I spent a few weeks working through the standard mechanistic interpretability toolkit: contrast vectors and steering, linear probes, sparse autoencoders, Neuronpedia, Natural Language Autoencoders. They all felt intuitive. Almost suspiciously so. Same hooks on the residual stream, same layer sweeps, same question — what is this activation doing? — with different answers.

That intuition is correct. The methods are not independent inventions. They are different edges on the same causal graph: decode what is there → intervene to test causality → validate that the story survives scrutiny. Once you see that structure, the acronym soup stops being intimidating.

What also becomes clear is why it feels like “there are no clever new methods left.” The micro-invention phase — logit lens, induction heads, the first SAE papers — is mostly over. The frontier in 2026 is not probe #7. It is multi-method convergence, honest failure modes, and closing the loop to safety decisions. This article is a map of the tools as they exist today, organized by the question each one actually answers.

For how interpretability fits into oversight at deployment time, see three layers of AI oversight. For one concrete research thread on my site — supervised emotion vectors vs. Anthropic’s NLA line — see NLA and emotion vectors.


Start with the question, not the acronym

Most confusion comes from treating “interpretability” as one technique. It is at least three:

StageQuestionIf you skip it…
Observe / decodeCan we read an internal state?You confuse correlation with mechanism
InterveneDoes changing that state cause the behavior to change?You get pretty heatmaps that do not transfer
ValidateDoes the explanation survive held-out tasks, ablations, and adversarial checks?You get IOI-style anecdotes, not science

Every method you have heard of sits in one of these buckets (sometimes two). Read ≠ steer ≠ patch ≠ feature. A concept can peak for linear decoding at layer 8, steer best at layer 14, and matter for a circuit only at an attention head you never probed. Collapsing those curves into “layer 12 = emotion” is how interpretability Twitter lies to you.


Observe: reading the residual stream

These methods take activations and produce an interpretation. None of them, alone, proves causality.

Contrast vectors and linear probes

The simplest read: collect activations on positive vs. negative examples of a concept, subtract means, get a direction. Representation Engineering (RepE) (Zou et al., 2023) formalized this as monitor + control. Linear Artificial Tomography (LAT) sweeps the same direction across layers.

Linear probes and logistic regression on hidden states answer a narrower question: is concept C linearly decodable at layer L? Cheap, scalable, easy to fool yourself with if your stimuli share surface features.

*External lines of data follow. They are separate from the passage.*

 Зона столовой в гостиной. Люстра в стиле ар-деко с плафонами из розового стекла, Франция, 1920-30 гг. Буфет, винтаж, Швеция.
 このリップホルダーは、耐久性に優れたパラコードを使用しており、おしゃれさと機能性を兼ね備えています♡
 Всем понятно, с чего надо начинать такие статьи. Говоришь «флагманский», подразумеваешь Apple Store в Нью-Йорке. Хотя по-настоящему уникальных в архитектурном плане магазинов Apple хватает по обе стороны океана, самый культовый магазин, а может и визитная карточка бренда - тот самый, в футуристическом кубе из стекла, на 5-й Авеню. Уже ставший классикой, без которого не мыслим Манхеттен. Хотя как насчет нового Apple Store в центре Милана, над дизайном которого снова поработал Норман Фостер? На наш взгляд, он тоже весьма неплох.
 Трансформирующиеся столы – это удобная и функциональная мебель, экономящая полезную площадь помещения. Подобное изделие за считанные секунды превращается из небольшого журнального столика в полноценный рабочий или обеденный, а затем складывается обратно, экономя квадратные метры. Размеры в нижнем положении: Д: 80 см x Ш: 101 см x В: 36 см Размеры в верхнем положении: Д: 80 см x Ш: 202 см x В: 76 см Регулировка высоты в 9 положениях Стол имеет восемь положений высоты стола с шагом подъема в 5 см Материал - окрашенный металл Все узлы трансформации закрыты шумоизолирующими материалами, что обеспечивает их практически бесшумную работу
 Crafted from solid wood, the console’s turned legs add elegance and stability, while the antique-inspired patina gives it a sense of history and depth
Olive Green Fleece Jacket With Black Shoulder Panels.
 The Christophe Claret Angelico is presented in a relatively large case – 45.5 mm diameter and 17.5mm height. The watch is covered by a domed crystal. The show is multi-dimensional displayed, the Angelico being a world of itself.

This is the family I used when reproducing Anthropic’s emotion vectors on Llama 1B: supervised contrast pairs, layer-wise vectors, logit lens readout, steering at inference. It works. It also mostly captures emotion categorization (label-shaped signal) more than affect reception — a dissociation Whether, Not Which (2026) documents on keyword-free stimuli.

Logit lens and tuned lens

Project a hidden state through the unembedding matrix and inspect top promoted tokens. Fast sanity check: does this direction look like “fear” or “Paris”? Tuned lens variants learn a per-layer correction because the raw unembedding is a rough approximation. Useful, not causal.

Sparse autoencoders (SAEs) and crosscoders

Superposition (Elhage/Olah) explains why individual neurons are polysemantic: models pack more concepts than dimensions. SAEs train a sparse dictionary to decompose activations into features — hopefully monosemantic units.

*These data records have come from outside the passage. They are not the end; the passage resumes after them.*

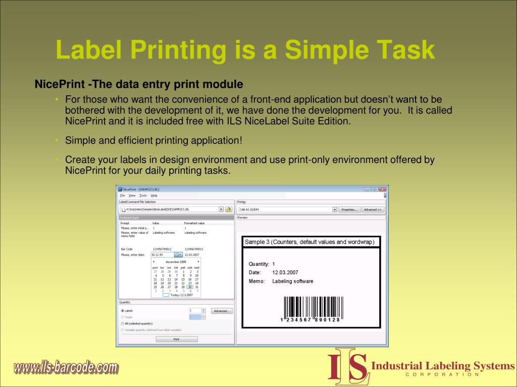 Label Printing is a Simple Task NicePrint -The data entry print module • For those who want the convenience of a front-end application but doesn’t want to be bothered with the development of it, we have done the development for you. It is called NicePrint and it is included free with ILS NiceLabel Suite Edition. • Simple and efficient printing application! • Create your labels in design environment and use print-only environment offered by NicePrint for your daily printing tasks.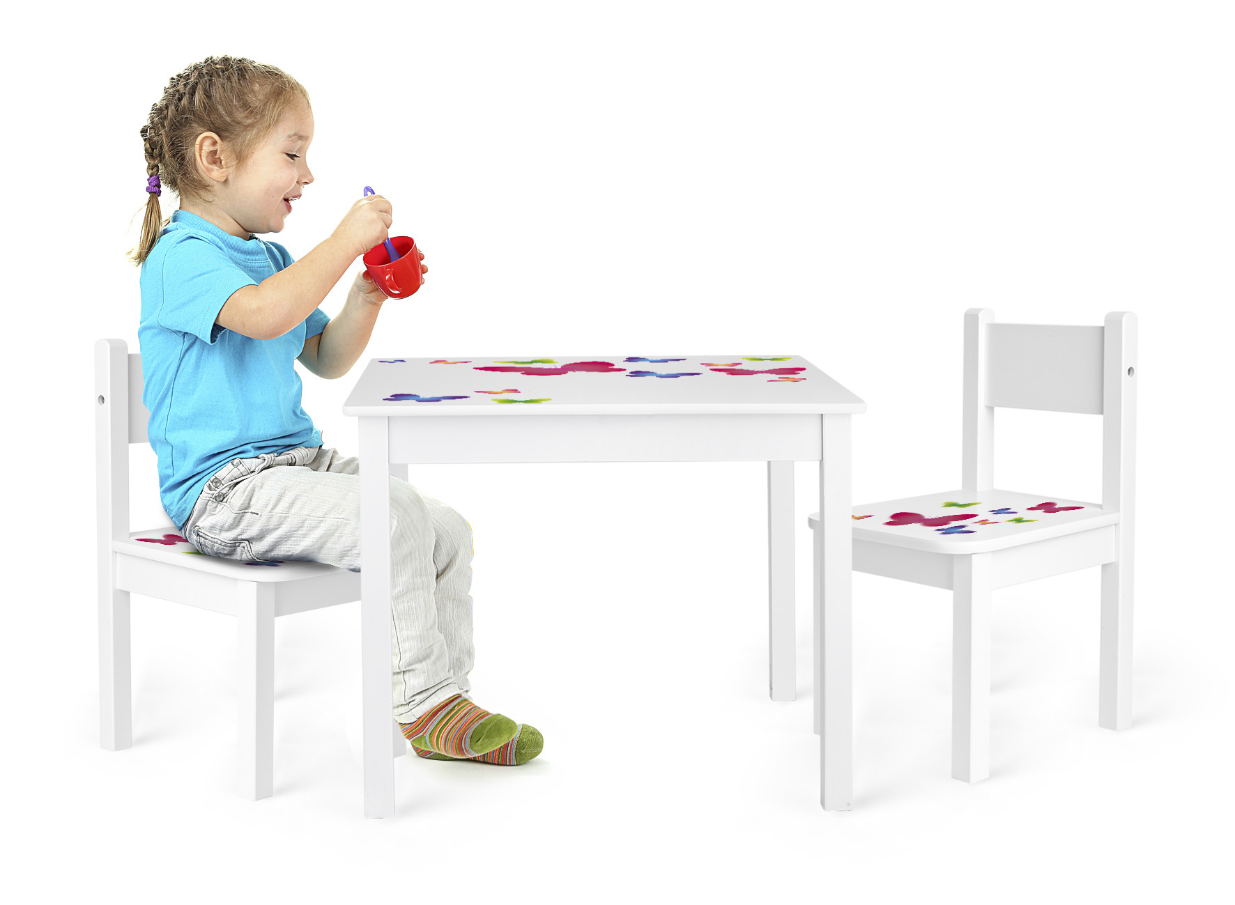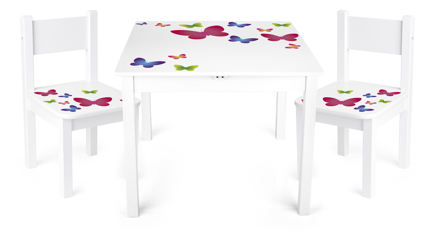 A table and two chairs set made exclusively of wood, with a butterflies pattern UV print. The set will fit perfectly every children bedroom; it can also be used as a small drawing table e.g. in the nursery or kindergarten. Suitable for children aged 2+. Table dimensions: 60 x 60 x 49 cm. Chair dimension: 26 x 29 x 48 cm. Seat height: 25 cm. Package dimensions: 66 x 9 x 66 cm.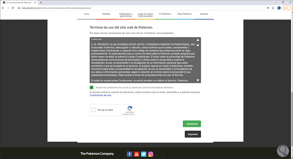 Para completar este proceso debemos activar la casilla del captcha y damos clic en “Continuar”, luego debemos activar la casilla de las condiciones del servicio:

Anthropic’s Scaling Monosemanticity (2024) showed this at Claude 3 Sonnet scale: safety-relevant features (deception, sycophancy), multi-step reasoning features, and human-inspectable names. Crosscoders (2024) encode multiple layers into one shared feature set so the same concept can be tracked vertically without reinventing it per layer.

Neuronpedia is the community UI for browsing SAE and NLA features — not a method, but the inspection layer the ecosystem actually uses.

SAEs are the main unsupervised alternative to hand-built contrast vectors. The catch: dictionaries are not unique, low reconstruction error does not imply mechanistic faithfulness (Olah, 2025 toy model), and a feature that looks semantic may implement memorization.

Natural language autoencoders (NLAs)

Anthropic’s NLA paper (2026) compresses an activation into ≤500 tokens of natural language, then reconstructs the activation from that text. Training optimizes reconstruction MSE only; readability emerges from the bottleneck.

NLAs sit at the opposite end of supervision from contrast vectors: no labels, high compute, noisy, confabulation-prone — but they can surface what the model represents but does not say, including evaluation awareness on SWE-bench-style tasks that output monitoring misses. I wrote more about the connection to my emotion-vector work here.

Related 2025–2026 lines: activation oracles, introspection adapters (Lindsey et al.) — same bet, different architectures: insert human-readable explanations into the pipeline and accept the faithfulness tradeoff.

Persona vectors and similar supervised directions

Chen et al., 2025 extract persona vectors — directions associated with misaligned personas (sycophancy, hallucination pressure) — using contrast data and causal tests. Same observe→intervene loop as RepE, different target concepts and safety framing.


Intervene: testing whether the read is causal

Observation tells you something is there. Intervention asks whether it does work.

Activation steering (ActAdd, RepE control)

At inference, add (\alpha v) to a residual stream, where (v) is a concept direction. If behavior shifts predictably, you have weak causal evidence. Cheap on open models. Side effects are common; off-target damage is underreported.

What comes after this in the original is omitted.